(Required action)
In the entries below, find the line with "Электробус перевернулся после" and the line with "邱绍雄副书记以《与新时代共奋"; reproduce those two lines and all lines between them exactly, without pictures.

(The data)
↓

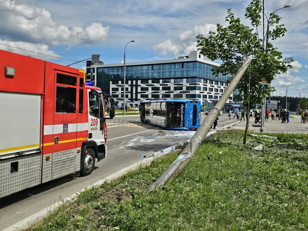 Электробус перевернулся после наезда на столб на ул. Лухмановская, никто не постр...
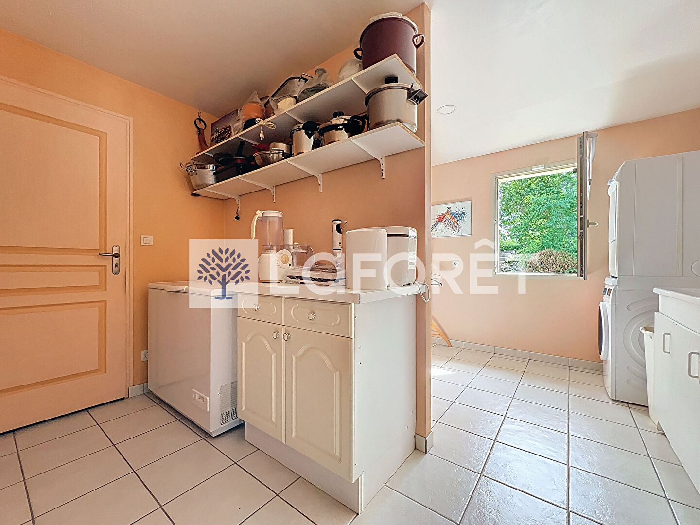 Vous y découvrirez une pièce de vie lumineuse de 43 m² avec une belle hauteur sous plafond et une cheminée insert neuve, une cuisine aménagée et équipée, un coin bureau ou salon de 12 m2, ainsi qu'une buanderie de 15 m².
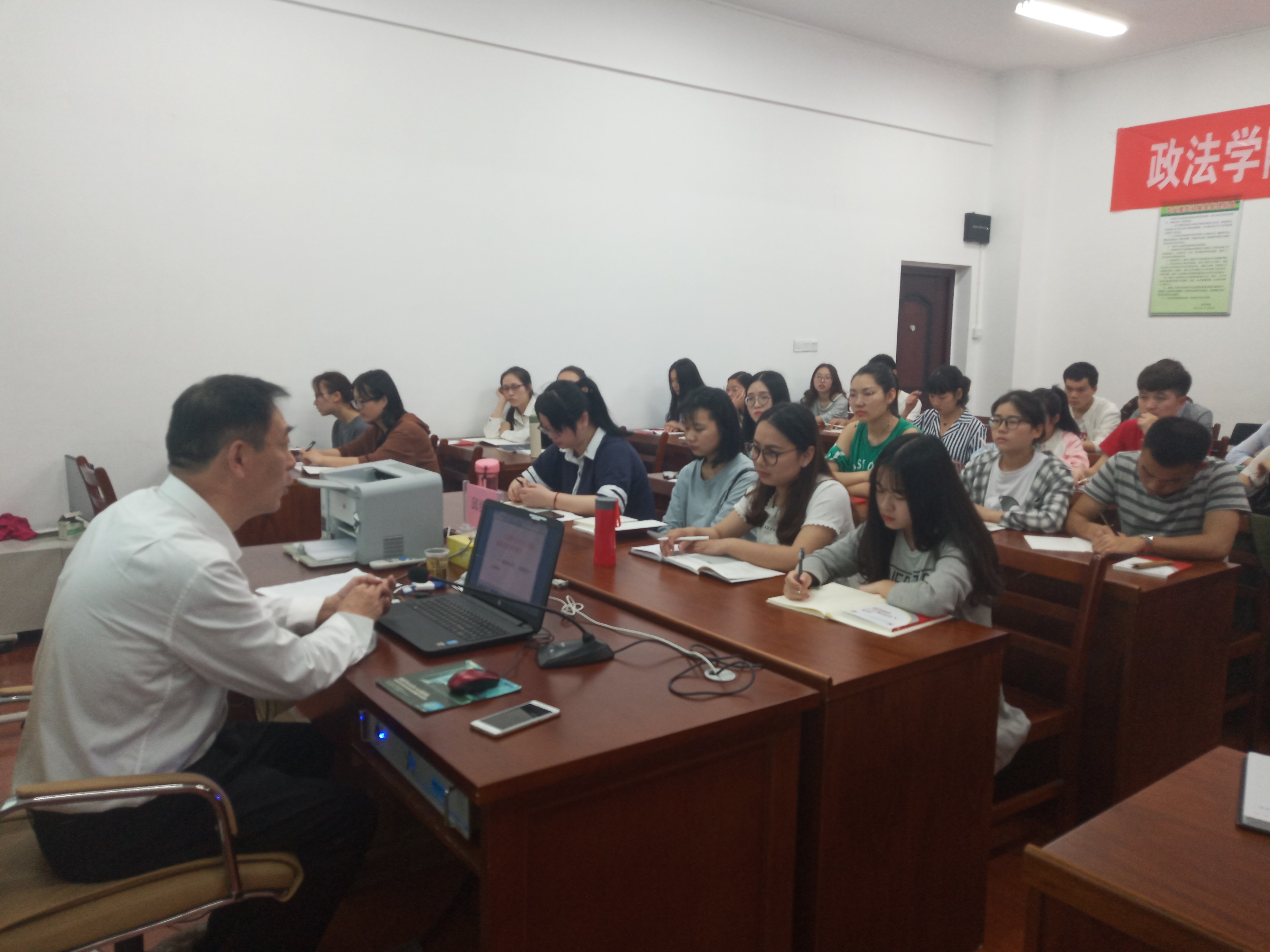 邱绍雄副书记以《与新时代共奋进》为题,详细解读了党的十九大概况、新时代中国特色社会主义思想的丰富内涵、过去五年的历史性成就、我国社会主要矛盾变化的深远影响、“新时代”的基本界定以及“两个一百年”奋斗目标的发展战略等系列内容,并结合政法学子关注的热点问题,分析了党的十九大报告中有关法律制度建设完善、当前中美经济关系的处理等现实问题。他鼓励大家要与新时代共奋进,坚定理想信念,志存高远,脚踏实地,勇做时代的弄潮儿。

↑
↓

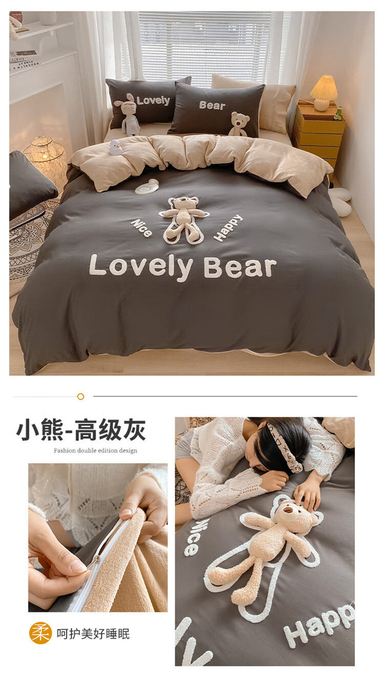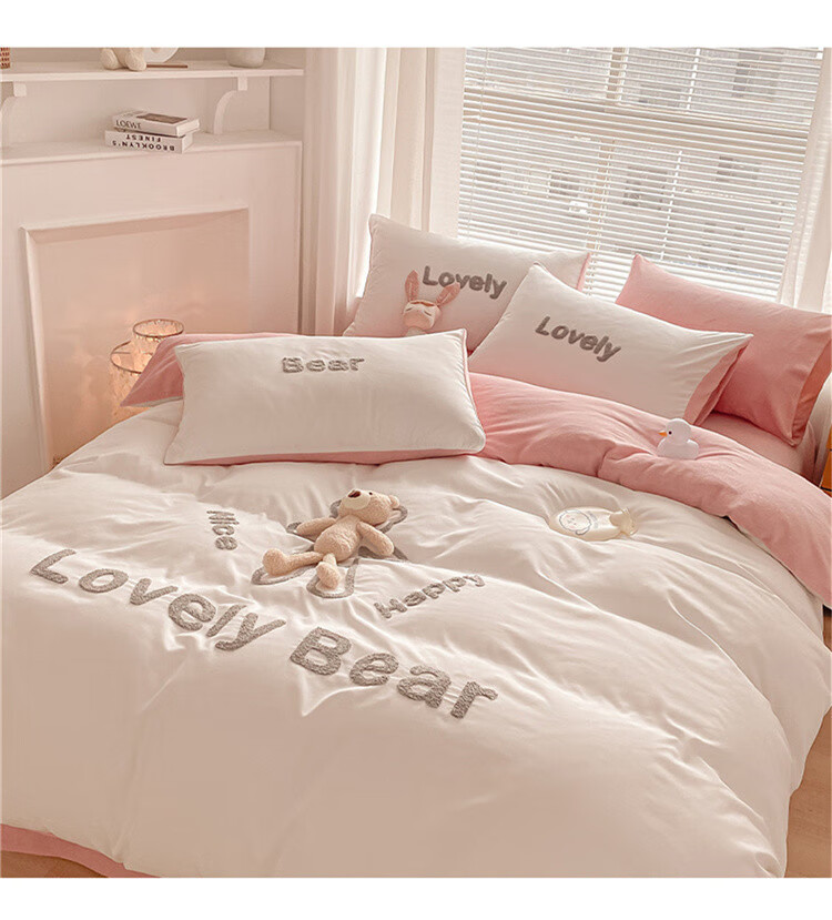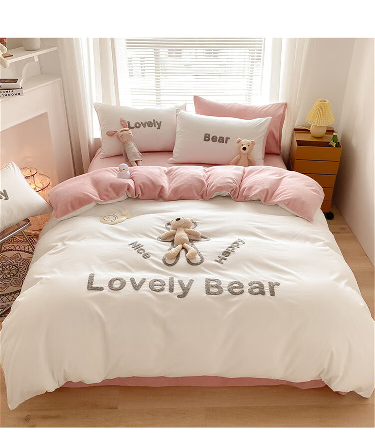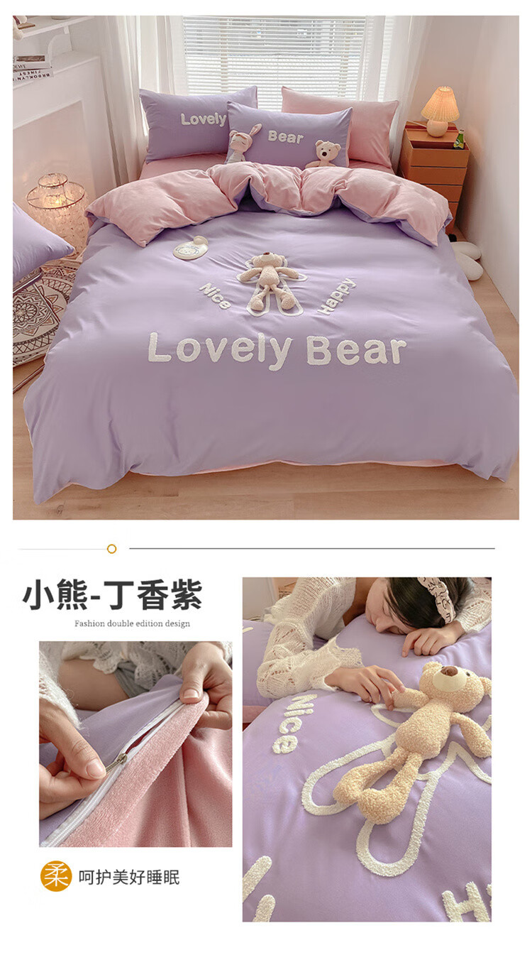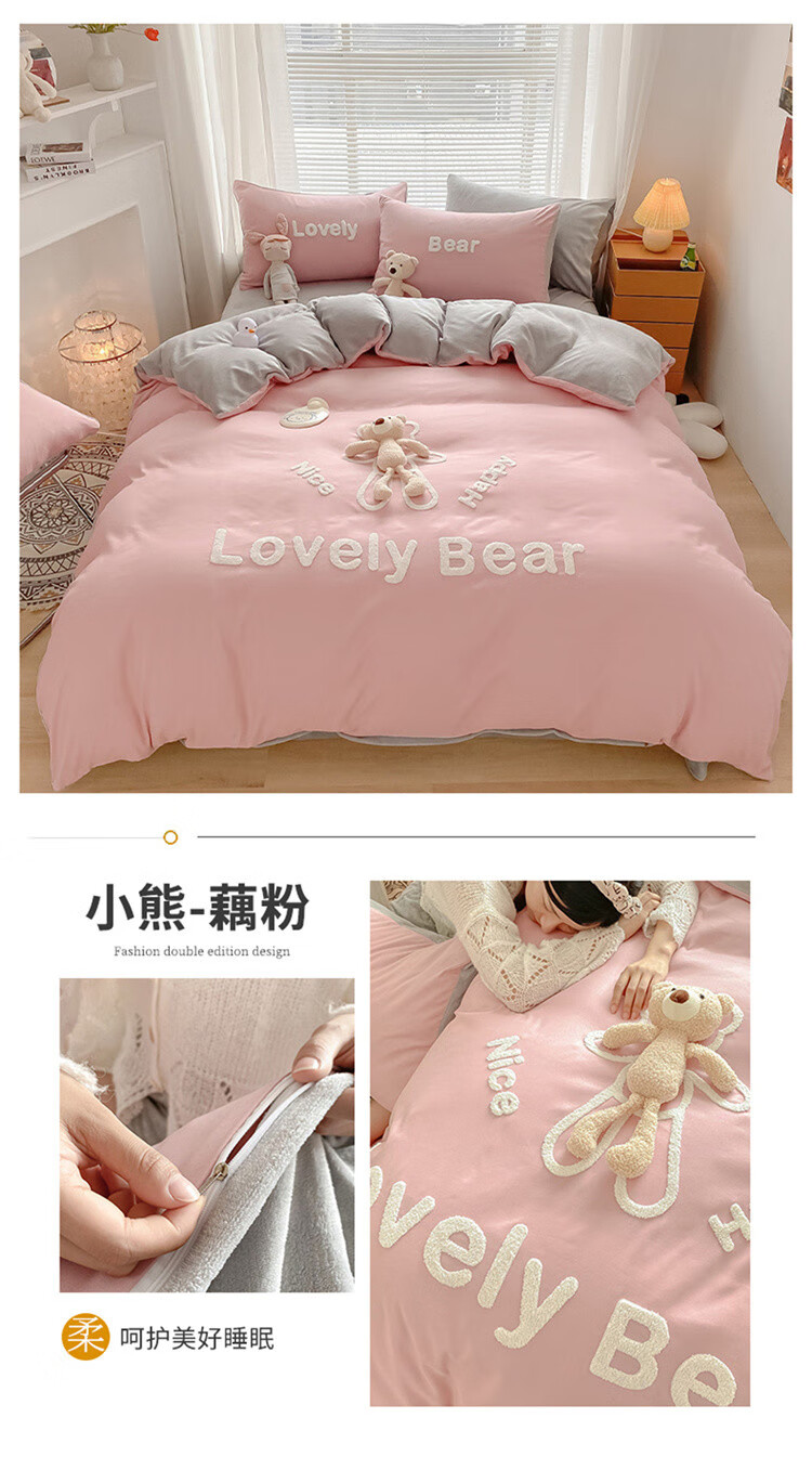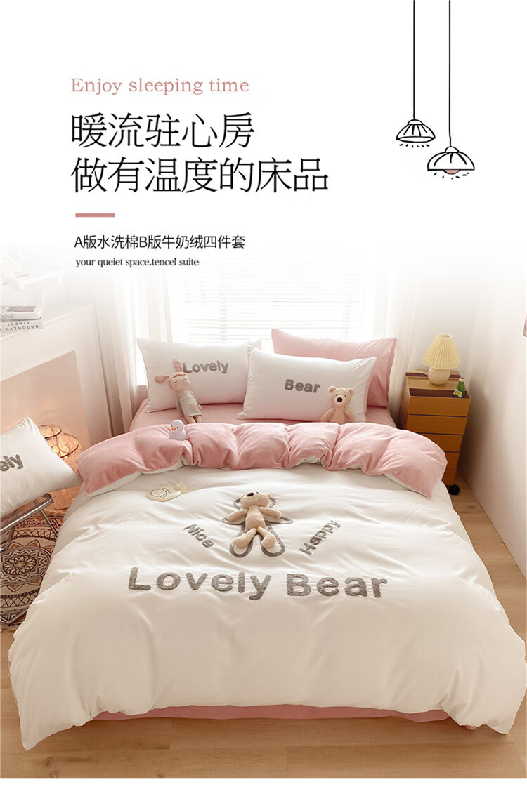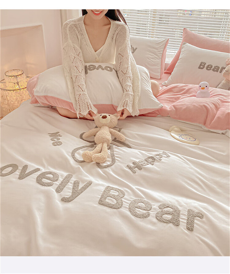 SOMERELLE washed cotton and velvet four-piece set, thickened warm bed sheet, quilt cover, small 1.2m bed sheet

↑

(Response to the task)
 Электробус перевернулся после наезда на столб на ул. Лухмановская, никто не постр...
 Vous y découvrirez une pièce de vie lumineuse de 43 m² avec une belle hauteur sous plafond et une cheminée insert neuve, une cuisine aménagée et équipée, un coin bureau ou salon de 12 m2, ainsi qu'une buanderie de 15 m².
 邱绍雄副书记以《与新时代共奋进》为题,详细解读了党的十九大概况、新时代中国特色社会主义思想的丰富内涵、过去五年的历史性成就、我国社会主要矛盾变化的深远影响、“新时代”的基本界定以及“两个一百年”奋斗目标的发展战略等系列内容,并结合政法学子关注的热点问题,分析了党的十九大报告中有关法律制度建设完善、当前中美经济关系的处理等现实问题。他鼓励大家要与新时代共奋进,坚定理想信念,志存高远,脚踏实地,勇做时代的弄潮儿。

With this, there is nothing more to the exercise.